◆ Data excerpt:
※ ※ ※
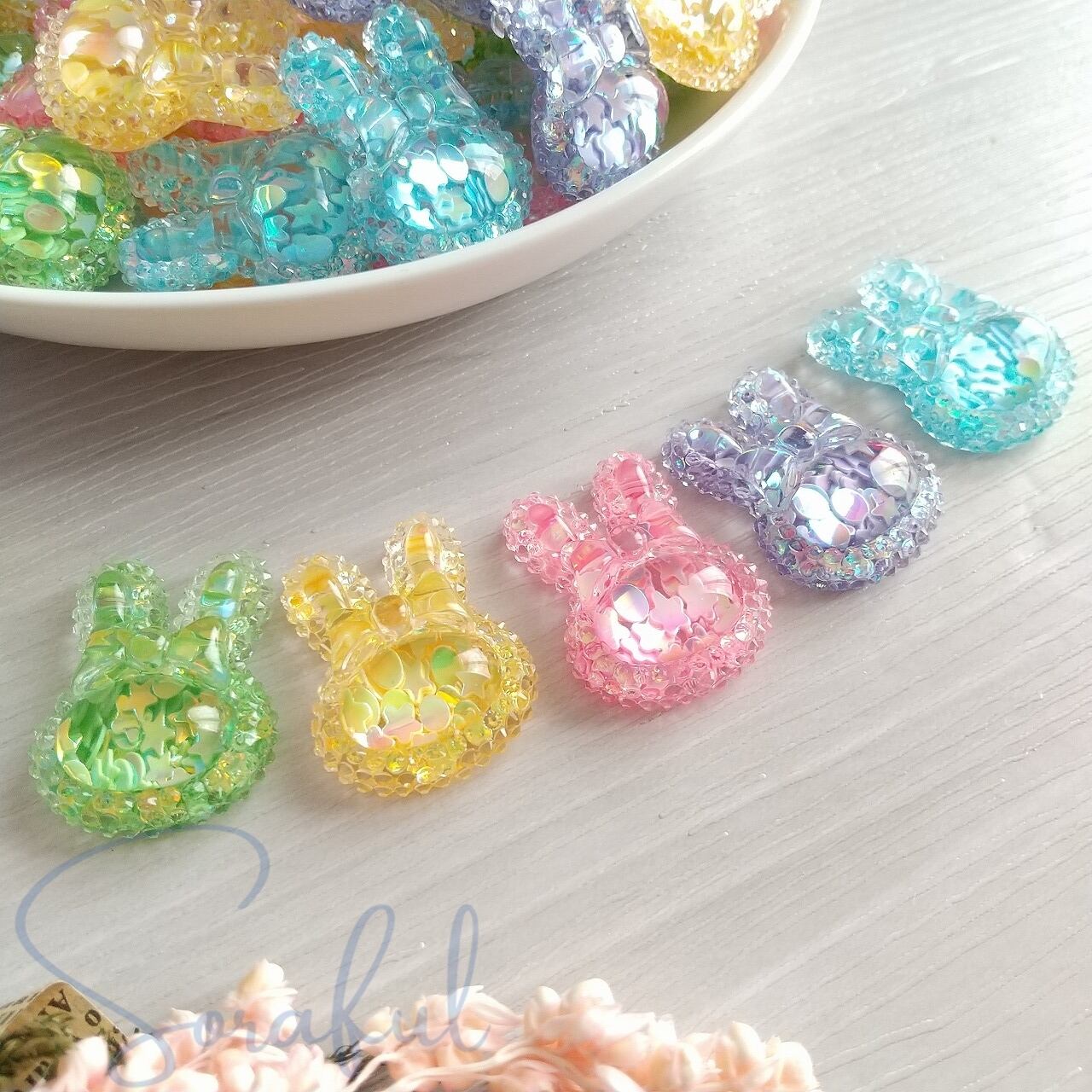 【5色セット】クリアうさぎ キラキラ スパンコール クリスタル【デコパーツ】D-0551
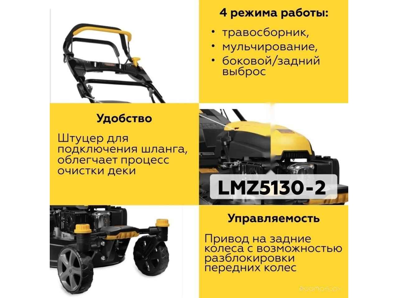 - Тип скашивания выброс травы, мульчирование, сбор в травосборник
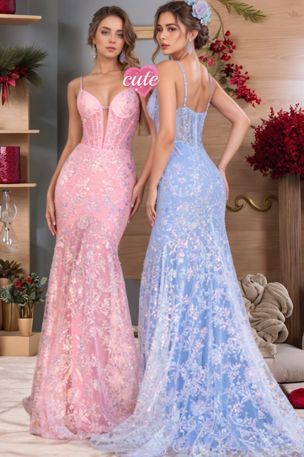 WU1139 - Vestido de fiesta de sirena, bonito e informal, con tirantes finos, apliques de lentejuelas, largo hasta el suelo, con cremallera en la espalda, vestido de noche y cóctel.
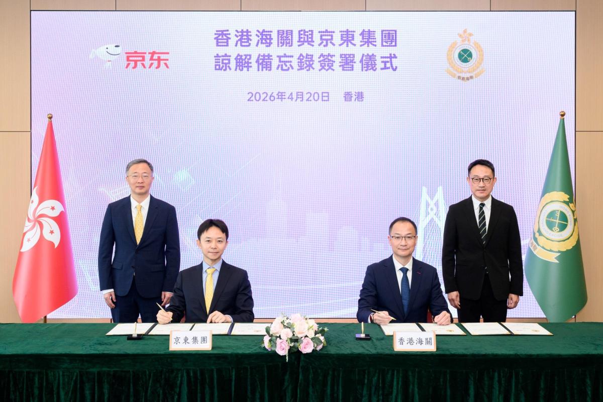 【點新聞報道】海關助理關長(情報及調查)黃浩然今日(20日)在海關關長陳子達見證下,與京東集團在海關總部大樓簽署諒解備忘錄,建立更緊密的合作關係。
※ ※ ※
◆ Task statement: Where pictures occur in the material above, omit them and return everything else exactly.

◆ Task result:
 【5色セット】クリアうさぎ キラキラ スパンコール クリスタル【デコパーツ】D-0551
 - Тип скашивания выброс травы, мульчирование, сбор в травосборник
 WU1139 - Vestido de fiesta de sirena, bonito e informal, con tirantes finos, apliques de lentejuelas, largo hasta el suelo, con cremallera en la espalda, vestido de noche y cóctel.
 【點新聞報道】海關助理關長(情報及調查)黃浩然今日(20日)在海關關長陳子達見證下,與京東集團在海關總部大樓簽署諒解備忘錄,建立更緊密的合作關係。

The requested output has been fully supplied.